— Task to complete —
Using the records below, quote only the span that opens with the line containing "Общая площадь 49.9 м2" and closes with the line containing "Gilead Sciences promotes", exactly and inclusively.
=== Records to use ===
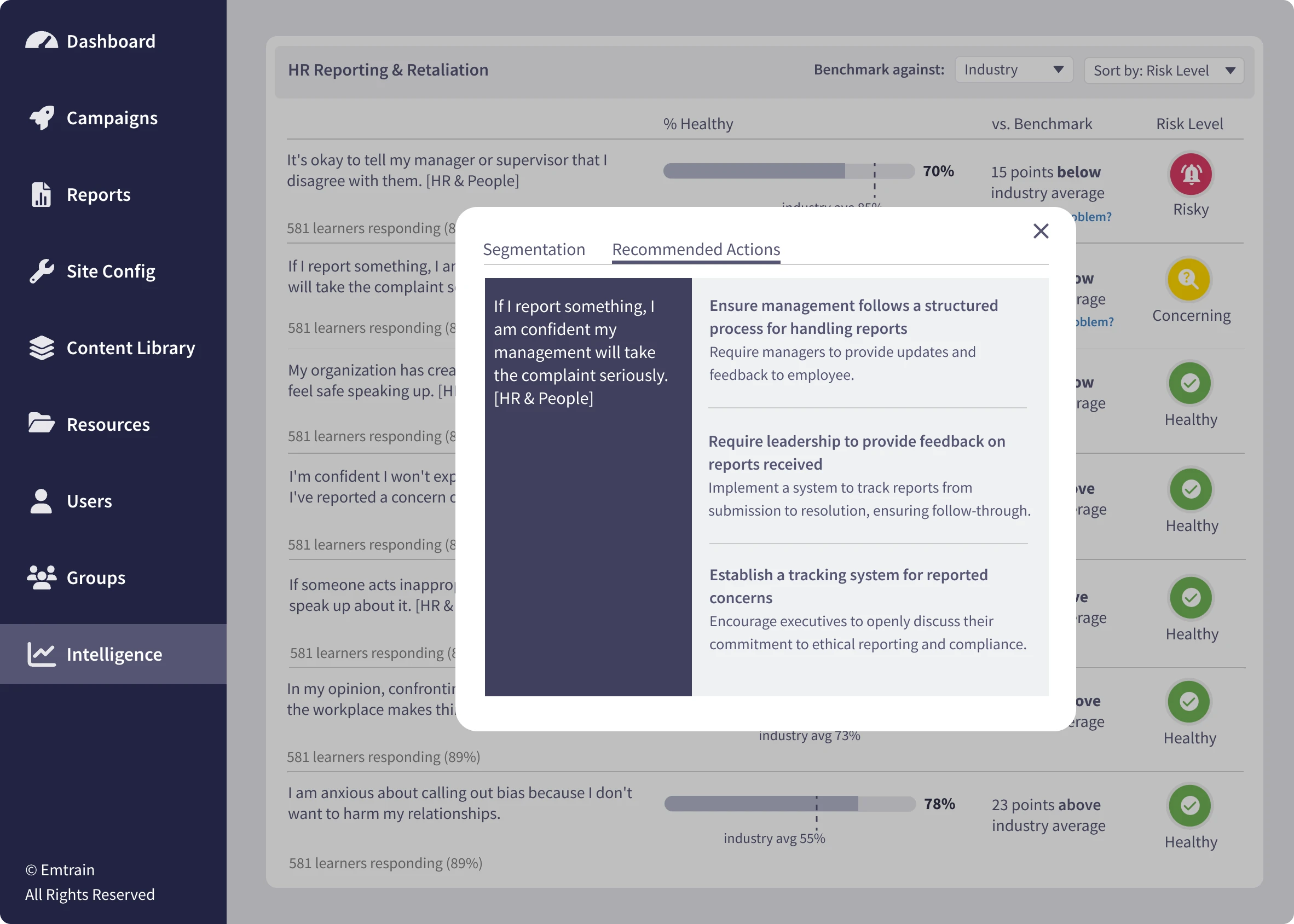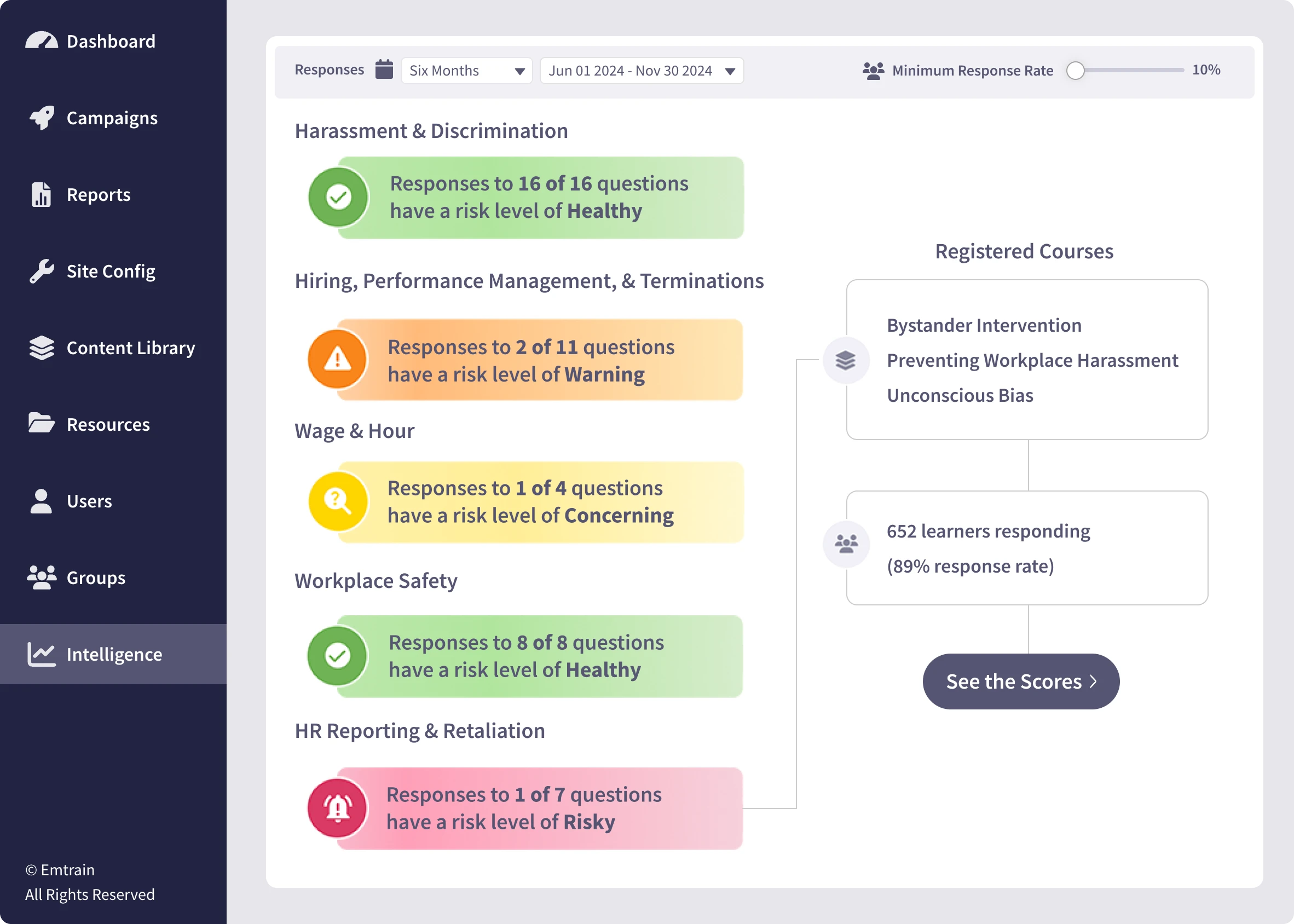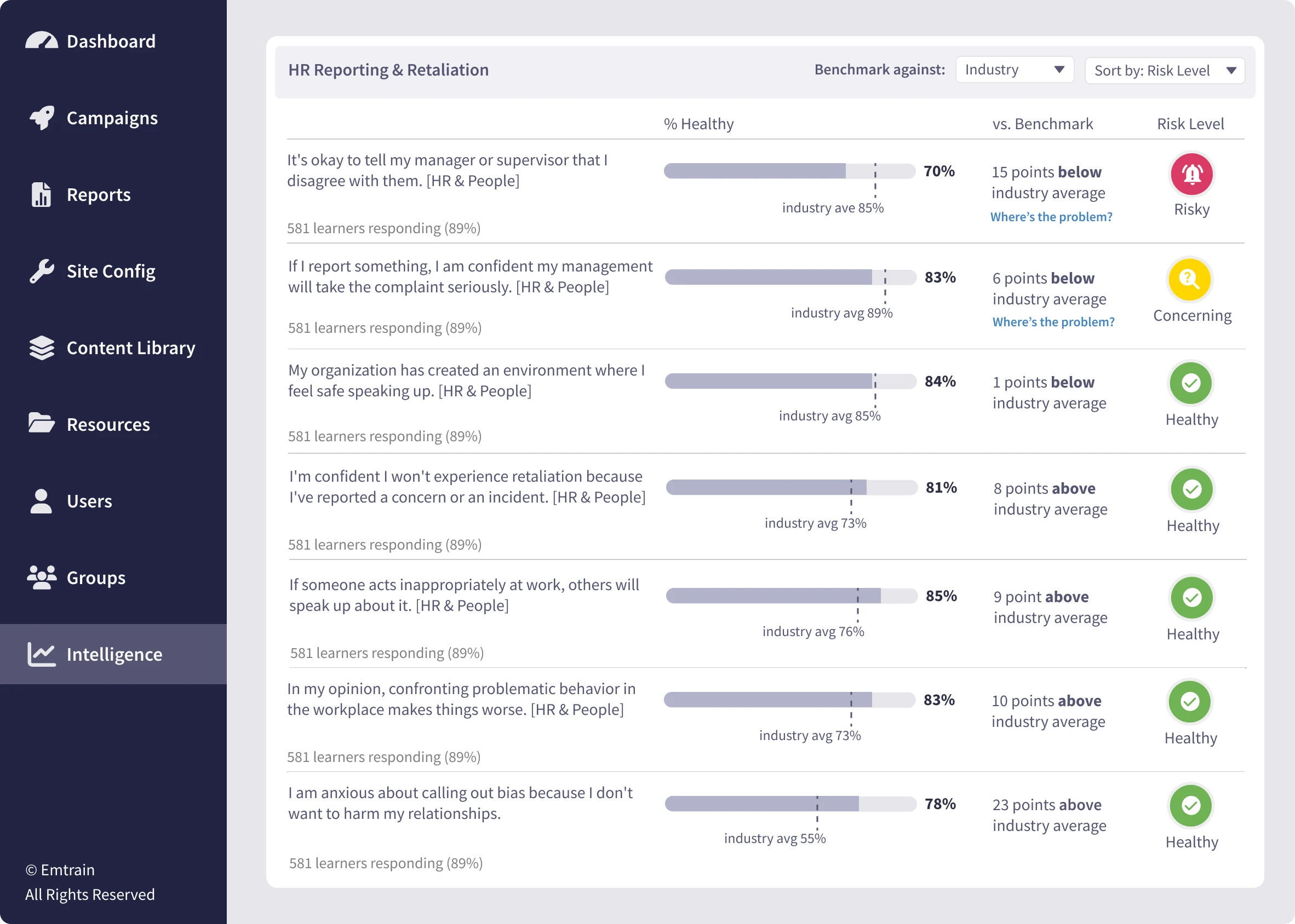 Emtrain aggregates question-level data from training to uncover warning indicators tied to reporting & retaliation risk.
===
=== Records to use ===
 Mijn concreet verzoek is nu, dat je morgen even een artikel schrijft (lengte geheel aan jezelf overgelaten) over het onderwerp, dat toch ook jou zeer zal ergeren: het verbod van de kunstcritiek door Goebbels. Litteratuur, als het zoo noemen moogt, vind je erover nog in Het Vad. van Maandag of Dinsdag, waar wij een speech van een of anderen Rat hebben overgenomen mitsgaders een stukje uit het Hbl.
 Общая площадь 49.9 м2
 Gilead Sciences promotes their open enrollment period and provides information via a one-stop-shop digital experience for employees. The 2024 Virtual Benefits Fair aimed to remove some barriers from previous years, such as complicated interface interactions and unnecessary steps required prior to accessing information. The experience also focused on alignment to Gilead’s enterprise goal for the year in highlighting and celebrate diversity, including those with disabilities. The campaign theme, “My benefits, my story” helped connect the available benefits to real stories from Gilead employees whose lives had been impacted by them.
===
— Solution below —
 Общая площадь 49.9 м2
 Gilead Sciences promotes their open enrollment period and provides information via a one-stop-shop digital experience for employees. The 2024 Virtual Benefits Fair aimed to remove some barriers from previous years, such as complicated interface interactions and unnecessary steps required prior to accessing information. The experience also focused on alignment to Gilead’s enterprise goal for the year in highlighting and celebrate diversity, including those with disabilities. The campaign theme, “My benefits, my story” helped connect the available benefits to real stories from Gilead employees whose lives had been impacted by them.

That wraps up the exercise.